The first documented evidence of the existence of Bagalkot district dates back to the 2nd century CE, when the taluks of Badami, Indi and Kalkeri were mentioned in the works of the Greek astronomer Ptolemy. In the 6th century CE, the Hindu Chalukya rulers ruled over much of present South India. The Chalukyan king Pulakeshin I established Bagalkot as his administrative headquarters; the district retained its prominent status until the Chalukyan empire was sacked by the Rashtrakutas in 753 CE. The Chinese explorer Hieun-Tsang visited Badami and described the people as "tall, proud,...brave and exceedingly chivalrous". He estimated the kingdom to be approximately 1,200 mi in circumference.

The period of rule of the Chalukyas of Badami, whose kingdom stretched from modern Karnataka to Maharashtra and Gujarat, was a highlight of Bagalkot's history. Chalukya king Pulakeshin II further consolidated the empire by battling with the Kadambas, Gangas, Mauryas of the Konkan, Gurjaras and Emperor Harshavardhana, whom he vanquished on the banks of the Narmada river Accounts of war were inscribed on stone structures in the town of Aihole, now located in the taluk of Hungund.

The Kalyani Chalukyas, descendants of the Badami Chalukyas, conquered the area before the dawn of the 10th century CE. Their rule was interspersed with wars against the Cholas and Hoysalas. The Kalyani Chalukyas moved their capital from Badami to Kalyani, in the present day district of Bidar. Akkadevi, sister of the Kalyani Chalukya Jayasimha II ruled in the area for more than 40 years from 1024 CE. During the course of her rule of the area, then known as Kisukadu, seventy villages from Bagalkot district were added to her administration. The Chola king Vīrarajendra seized the area by defeating Someshvara I at Koodalasangama. By the 11th century CE, all of Karnataka including Bagalkot fell into the dominion of the Hoysala Empire, first consolidated by Veera Ballala and later subordinated to the Sinda kings.
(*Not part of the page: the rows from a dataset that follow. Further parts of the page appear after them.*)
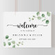 This green delight eucalyptus wedding welcome sign is perfect for a modern wedding. The design features watercolor hand-drawn elegant botanical eucalyptus branches and leaves. Make this poster your own by adding the name of the bride and groom, and the date of the wedding.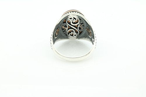 Details: Stone Size: 2.0 cm x 1.5 cm --- Stone Type: Agate (Aqeeq) --- Metal Type: Sterling Silver --- Other Metal Type: Bronze Details --- Weight: 9.50 grams All orders come in a special gift box. Please contact us if you don't see your size. We will do our best to obtain it from our warehouse or resize when possible.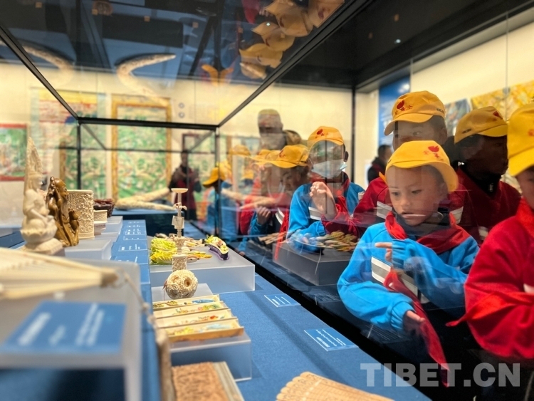 西藏博物館設(shè)有基本陳列“雪域長歌——西藏歷史與文化”“離太陽最近的人——西藏民俗文化”、專題陳列“雪域豐碑——西藏革命文物”、西藏百萬農(nóng)奴解放紀(jì)念館。30名學(xué)生跟隨帶隊老師的腳步走向“雪域長歌——西藏歷史與文化”陳列館,此館分為“史前時期”“唐宋時期”“元明時期”“清代民國時期”“黨的光輝照邊疆 邊疆人民心向黨”五個部分。學(xué)生們在講解員的帶領(lǐng)下按序參觀,感受西藏的悠久歷史和燦爛文化,了解歷朝歷代中央政府對西藏的有效治理,傾聽西藏人民與全國各族人民的交往交流交融……學(xué)生們聽著久遠(yuǎn)的故事,看著一件又一件極具歷史縱深感的展品,滿眼都是求知欲和好奇心?!拔覀円郧敖M織的愛心公益活動都是到西藏偏遠(yuǎn)地區(qū)、條件比較落后的學(xué)校捐贈學(xué)習(xí)用品、生活物資,但發(fā)現(xiàn)這樣只是解決了他們物質(zhì)上一些困難。外面的世界是什么樣的,其實對于大多數(shù)孩子來說是一無所知。”看著孩子們對太多東西充滿好奇,江蘇商會黨委聯(lián)合黨支部組織委員感慨地說道:“這次我們幾個承辦單位克服種種困難,做了一次嘗試??吹胶⒆觽兂两渲?,這個活動也就有了意義?!?/p>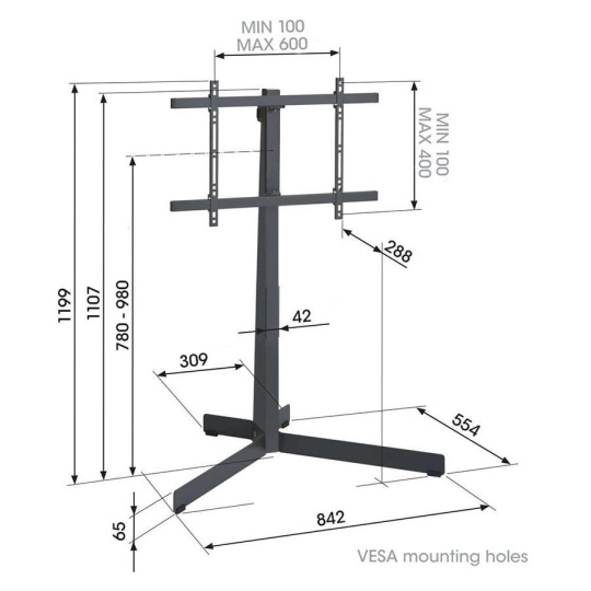 • Snadno nastavitelná výška, a to i s namontovaným televizorem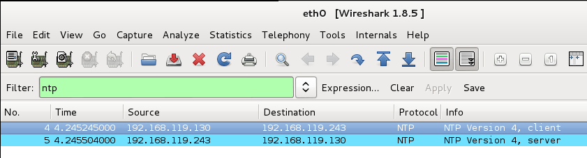 In Wireshark, in the top pane, make sure the first UDP packet is highlighted, the one sent to your NTP server, as shown below.
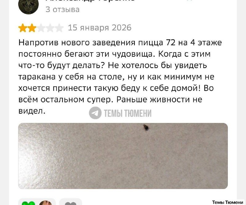 Тюменец прислал видео, на котором насекомое бежит к ресторану быстрого питания. Посетители также жалуются на вредителей в отзывах на 2GIS.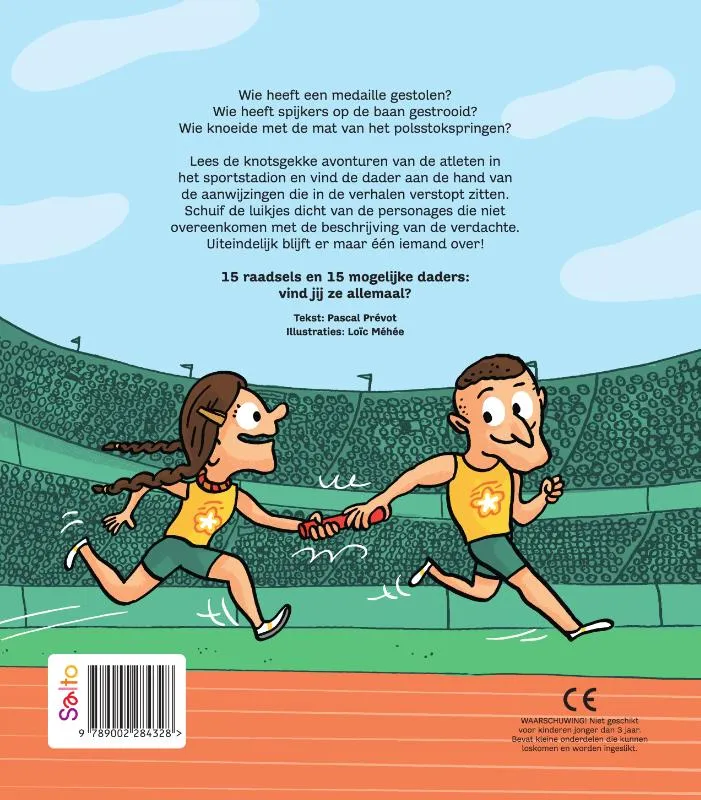 Wie heeft een medaille gestolen?Wie heeft spijkers op de baan gestrooid?Wie knoeide met de mat van het polsstokspringen?Lees de knotsgekke avonturen van de atleten in het sportstadion en vind de dader aan de hand van de aanwijzingen die in de verhalen verstopt zitten.Schuif de luikjes dicht van de personages die niet overeenkomen met de beschrijving van de verdachte.Uiteindelijk blijft er maar één iemand over!15 raadsels en 15 mogelijke daders: vind jij ze allemaal?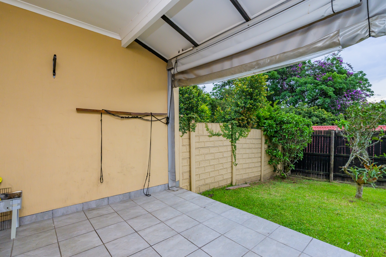 The charming cottage-style pine kitchen is warm and inviting, offering ample cupboard space and flowing effortlessly into a neat, tiled courtyard—ideal for laundry day or quiet morning coffees. The covered, fully tiled patio extends your living space outdoors and leads into a private, manicured garden, perfect for entertaining, unwinding after a long day, or simply enjoying a peaceful moment in your own sanctuary.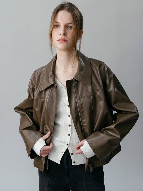 [루에브르] V-neck Faux Leather Blouson Jacket SL6SM604-10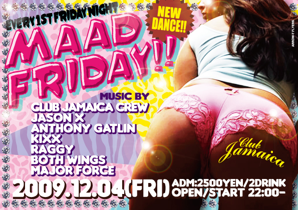 NEW DANCEスタート!12/4(FRI)"MAAD FRIDAY!!"@西麻布CLUB JAMAICA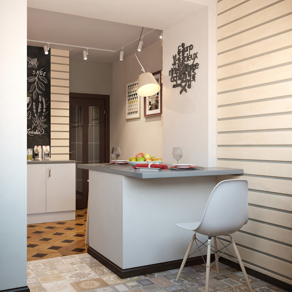 Aprovechando el tabique que existía de separación de abrió hueco para situar encima una barra con bastante amplitud que tuviera función de mesa. Un gran acierto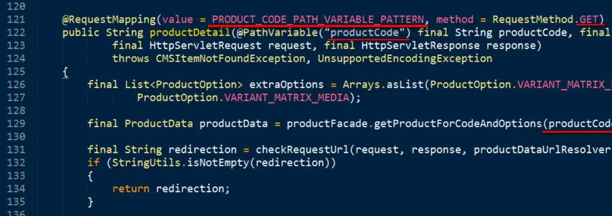 Hybris team的同事张健在他写的公众号文章从产品展示页面谈谈Hybris的特有概念和设计结构里介绍了product detail page的controller是如何被调用到的。

The Yadavas of Deogiri annexed Bagalkot in 1190 CE and ruled until approximately the thirteenth century. The Deccan invasion by the Muslim Khalji dynasty, led by Ala ud din Khalji in 1294 brought an end to the rule of the Yadavas. In the 14th century, much of this territory was overrun by Muhammad Taghlaq. That the Taghlaqs were undisputed overlords of this territory cannot be established since Harihara, first king of the Vijayanagara Empire, is supposed to have possessed territories as far north as Kaladgi in 1340 and because a fort was built under permission from Harihara in Badami during that period. In the late 15th century, the Adil Shahi dynasty founded by Yusuf Adil Shah established an independent state with Bijapur as its capital. It is from this time that Bagalkot's history is homogeneous to that of Bijapur's. In 1818, after having lost their kingdom to the British, the Maratha Peshwas of Satara were crowned underlords of the kingdom. With the failing of their brief reign which ended in 1948, the district passed into the hands of the British Raj and was incorporated into the dominion of the Bombay Presidency.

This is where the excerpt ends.